Quite obviously, the *right predictors* must be included in the model in order to learn something from the model. The “right” predictors means: avoiding the wrong ones, and including the correct ones. Easier said than done, particularly with a look to the causal inference aspects. Let’s turn to the next most important assumption.

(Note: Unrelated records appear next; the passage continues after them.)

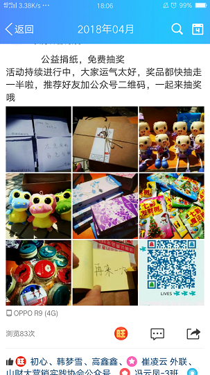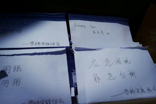 活动举办期间,协会进行了积极的线上和线下宣传。线上方面,在QQ空间、朋友圈等进行了宣传活动,借助网络的力量扩大了活动的影响力。线下,在两餐之间举办免费抽奖活动吸引大众,并向同学们介绍活动内容,达到了进一步加强宣传力度的目的。在宣传工作落实后,营销实践协会派出社团成员到各个宿舍楼开展收集应急用纸的工作。最后,将收集到的应急用纸分别包装好,放到合适的位置供大家使用。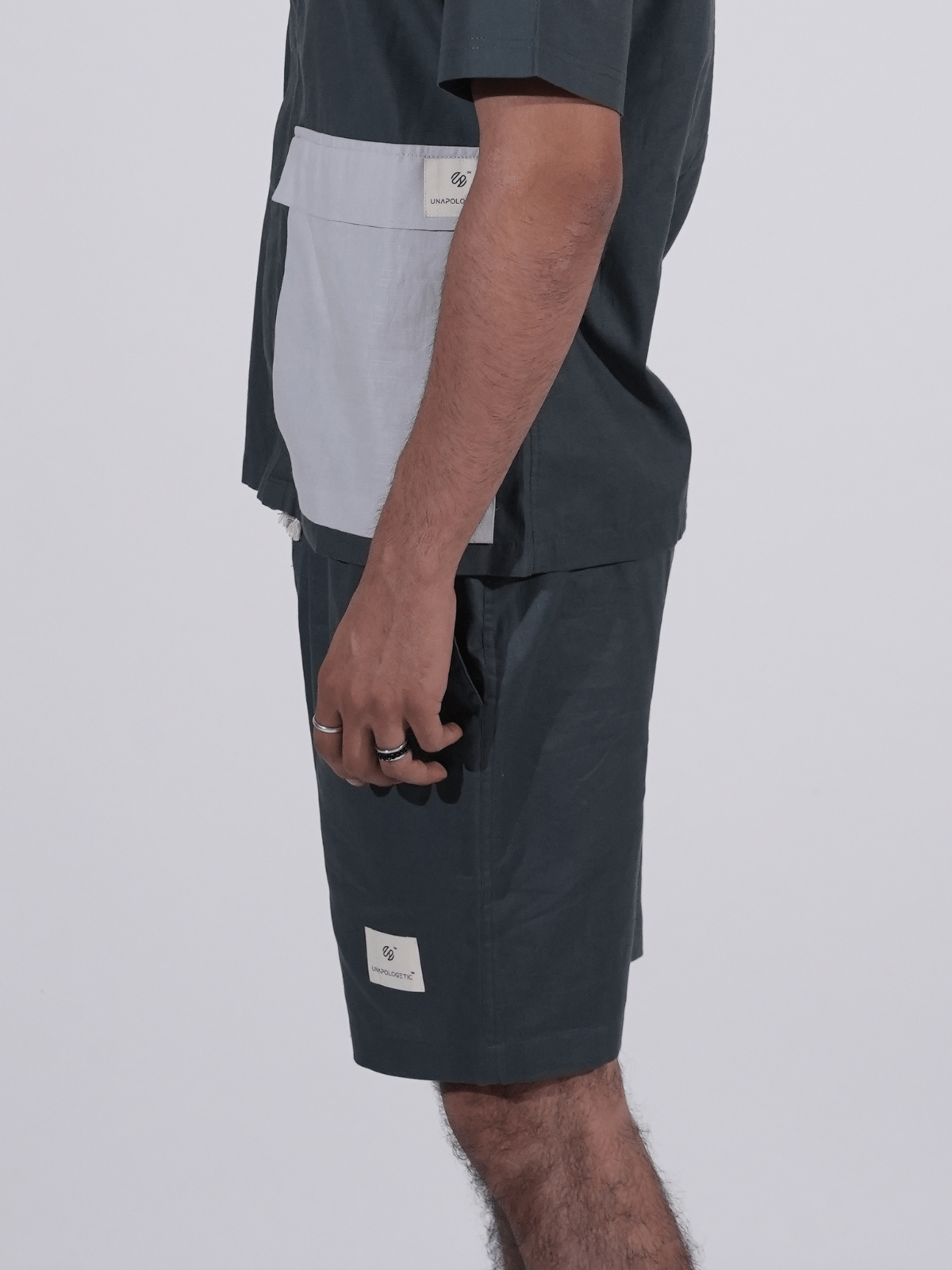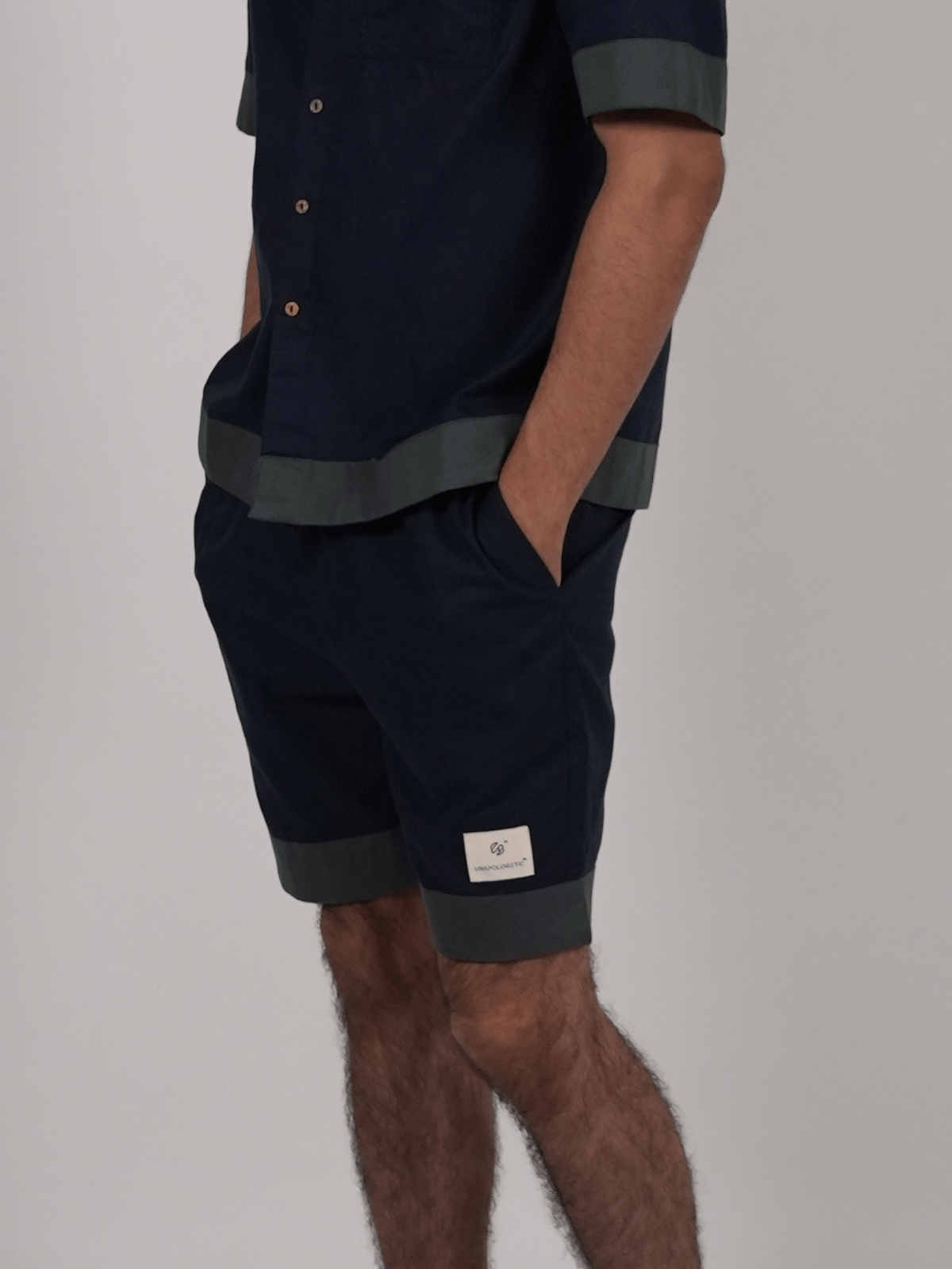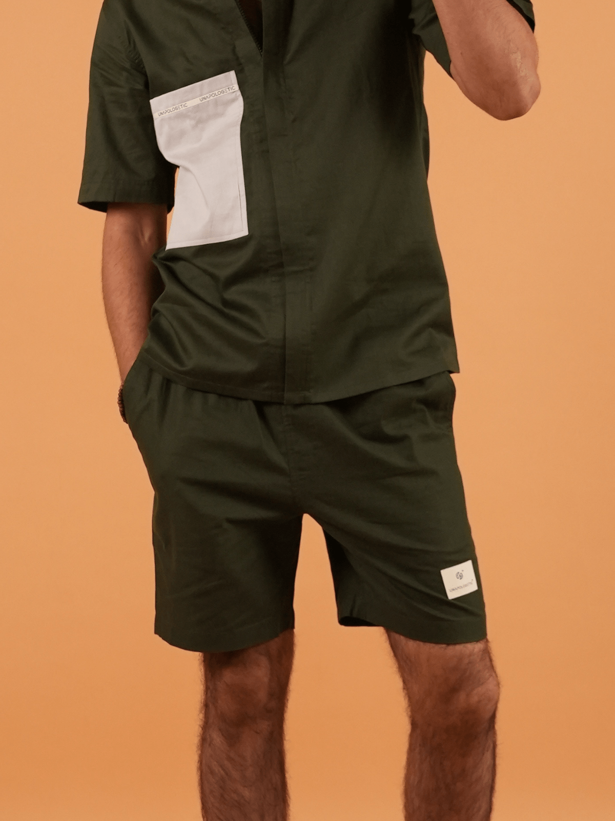 Knee-length drawstring shorts featuring practical side pockets, a functional back patch pocket, and signature Unapologetic branding Relaxed Fit -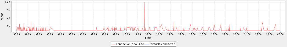 avg(connection pool size) = 0.42 avg(threads connected) = 0.00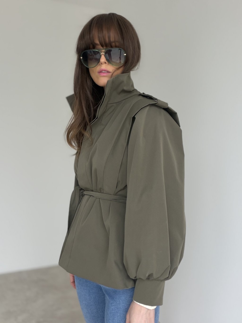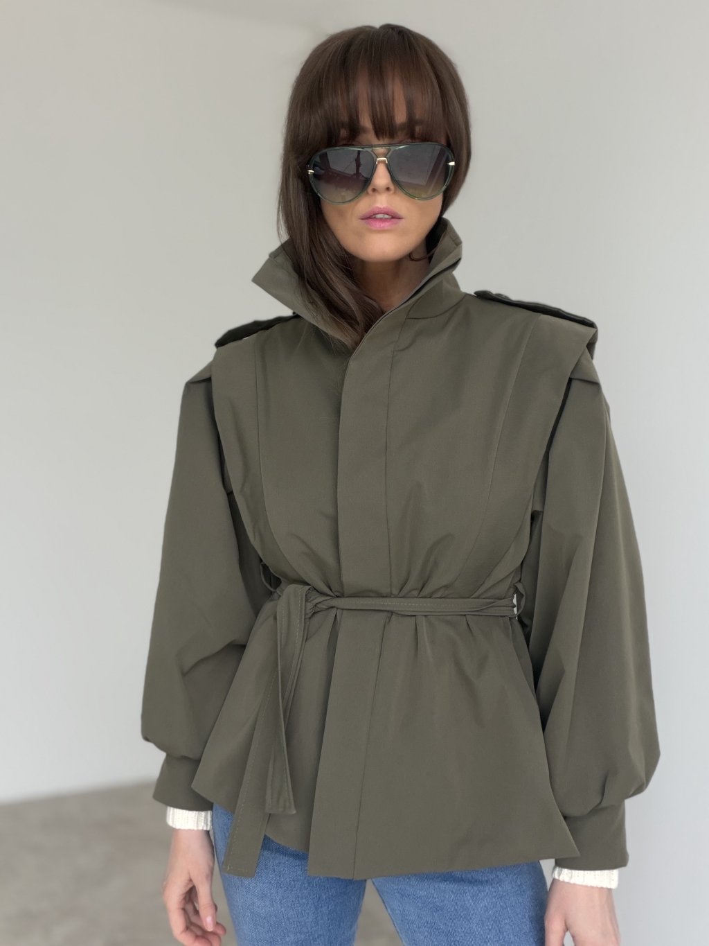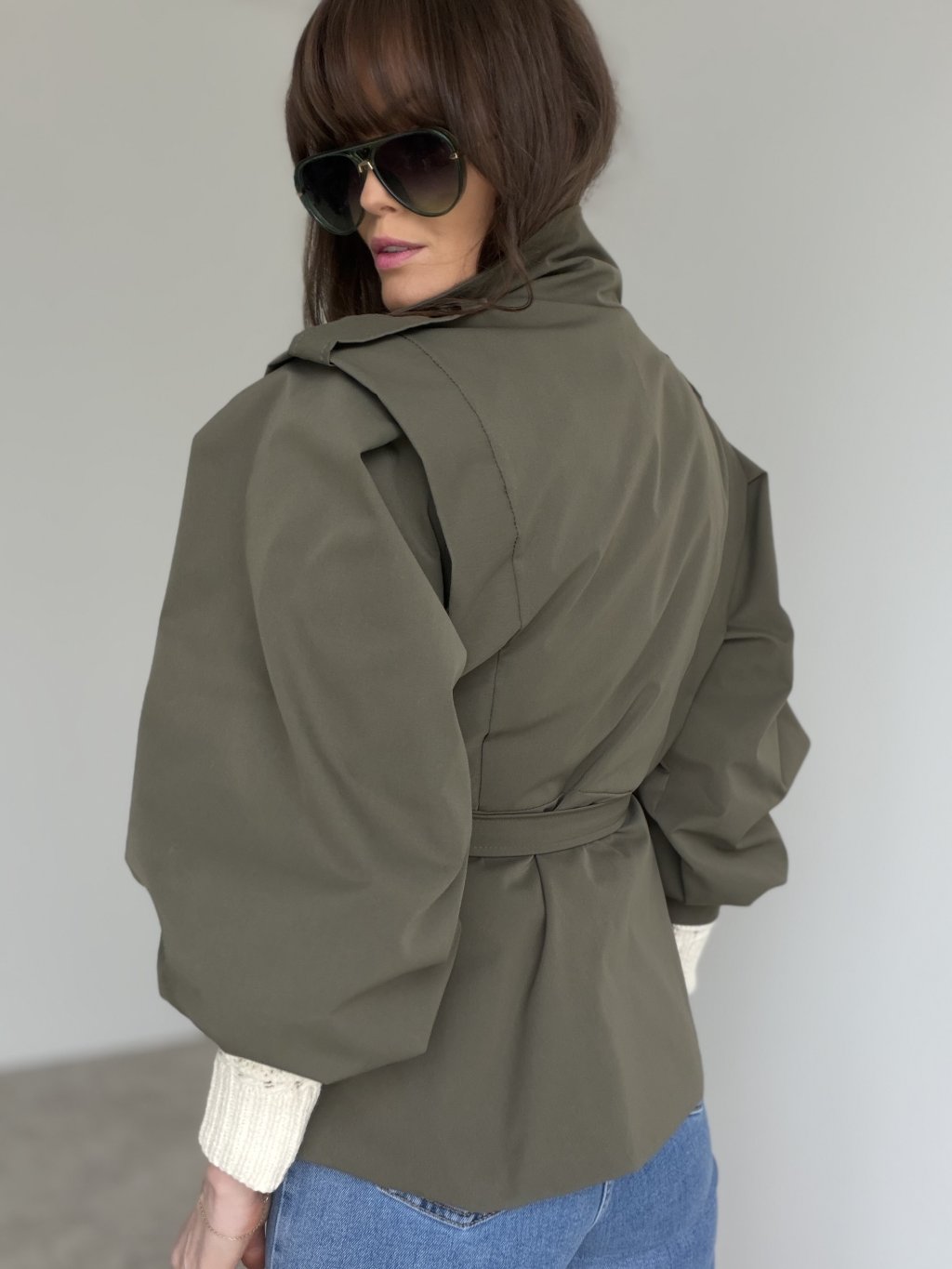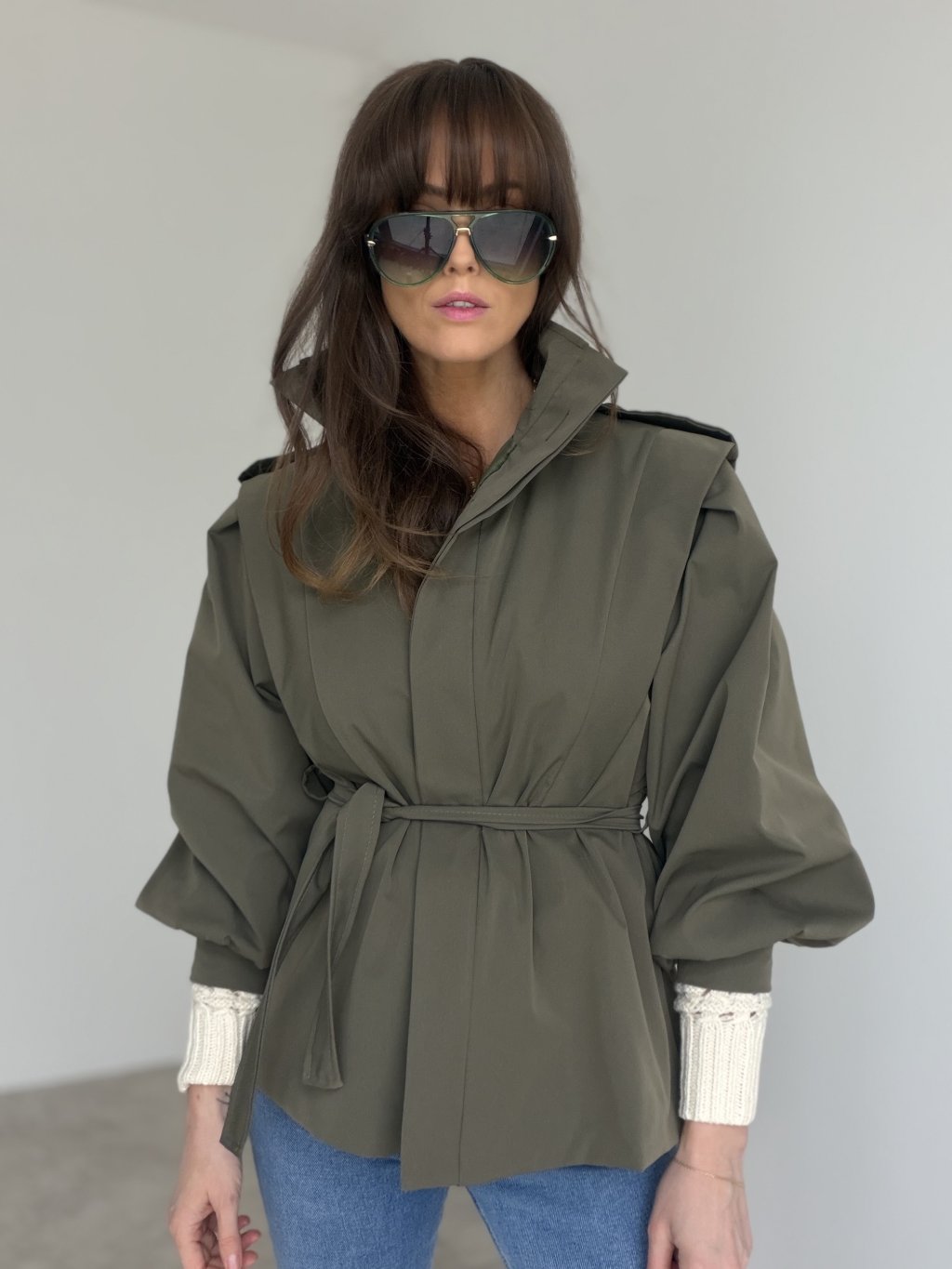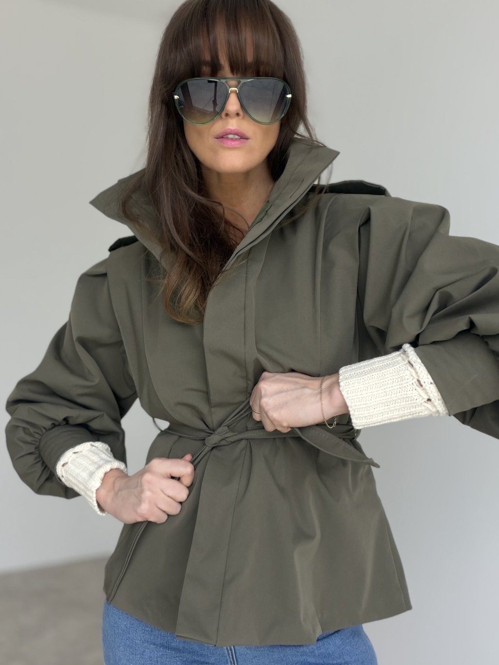 Krátky trenčkot so zapínaním na gombíky, opaskom v páse a výrazne tvarovanými rukávmi. Štýlový prechodový kúsok, ktorý zvýrazní siluetu a dodá outfitu eleganciu.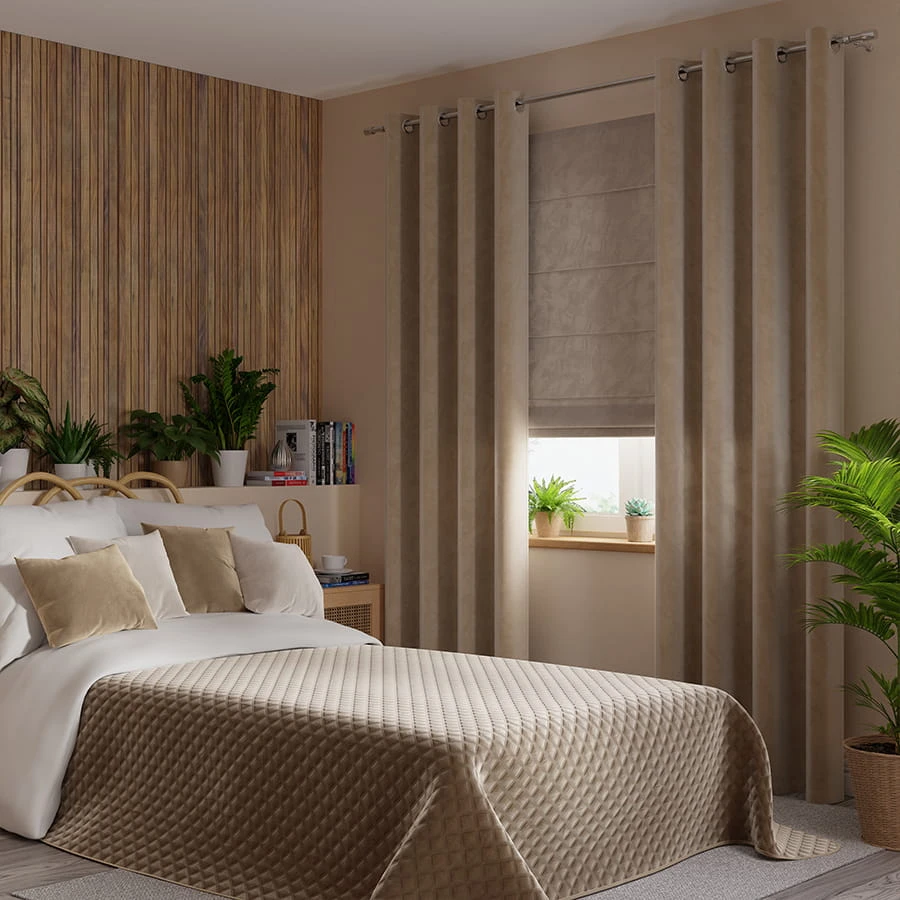 VELVI Zasłona gotowa na przelotkach, szerokość 140 x wysokość 260cm, kolor 001 ciemny beżowy VELVI0/ZGP/001/140260/1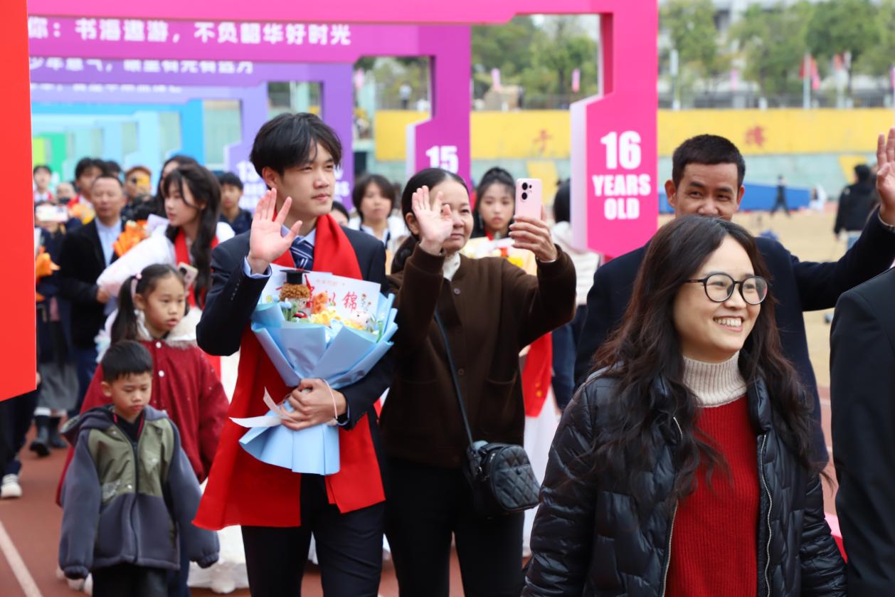 “感恩绽放”环节温情满溢。学生们手捧鲜花,走向三年来朝夕相伴的老师们。“老师,谢谢您!”深深一躬,花香伴着感恩,沁人心脾。不少老师接过花束时,眼眶微微泛红。随后,校领导为学生代表颁发成人纪念品,老师与家长并肩,为学生郑重佩戴上成人勋章。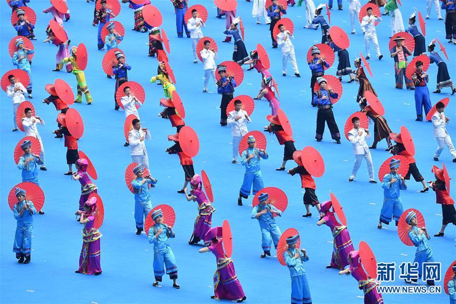 12月10日,广西壮族自治区成立60周年庆祝大会在广西体育中心隆重举行。这是庆祝大会上的群众文艺表演。 新华社记者 李鑫 摄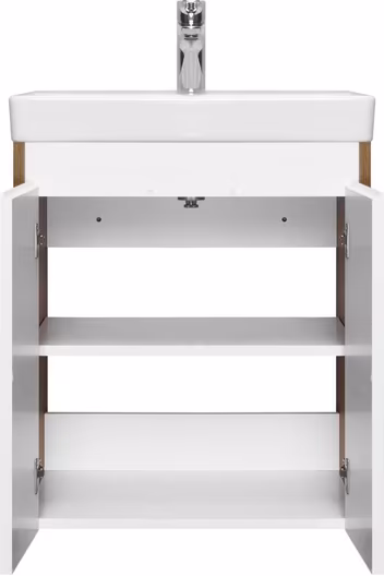 Тумба Сканди Doors 55 выполнена в популярном минималистичном скандинавском стиле. Корпус тумбы выполнен из влагостойкой ЛДСП в декоре натурального дерева, а фасады-створки в белой глянцевой покраске. За створками скрывается вместительное пространство, разделенное на две части регулируемой по высоте полкой из ВЛДСП. На тумбе нет выступающих деталей и фурнитуры, открытие створок реализуется за фасад, верхняя часть которого обработана под ручку J-профиль. К тумбе идеально подходит белоснежная раковина Адриана от бренда Santek. Раковина продается отдельно.

# Additivity and linearity as the second most important assumptions in linear models

We assume that \(y\) is a linear function of the predictors. If y is not a linear function of the predictors, we cannot expect the model to deliver correct insights (predictions, causal coefficients). Let’s check an example.

## Simulate an exponentially distributed assocation

We will only use positive values, let’s add some small value to the y’s in order they are all positive.

```
len <- 42 # 42 x values
set.seed(42)
x <- rep(runif(len), 30) # each x value repeated 30 times
y <- dexp(x, rate = 5) + rnorm(length(x), mean = 0, sd = .1) # add some noise
y <- y + 1
gf_point(y ~ x)
```

## Linear model

### Compute the Model as linear model (not transformed)

```
lm1 <- lm(y ~ x)
coef(lm1)
#> (Intercept) x
#> 3.797730 -3.458985
```

### Plot it

```
gf_point(y ~ x) %>%
gf_abline(slope = coef(lm1)[2], intercept = coef(lm1)[1], color = "red")
```

Doesn’t fit well.

### Check the linearity assumption

Actually the plot above vividly shows us that the linear model is not doing a good job. But anyhow, let’s put that in a form more typically used for checking model assumptions.

```
gf_point(lm1$residuals ~ fitted(lm1)) %>%
gf_smooth() %>%
gf_lims(y = c(-3, 3))
```

If we had a linear trend, we should see no strong pattern whatsoever. The mean residual should jump around zero at each value of the x-axis, with the variance remaining (more or less) constant. This is not the case here.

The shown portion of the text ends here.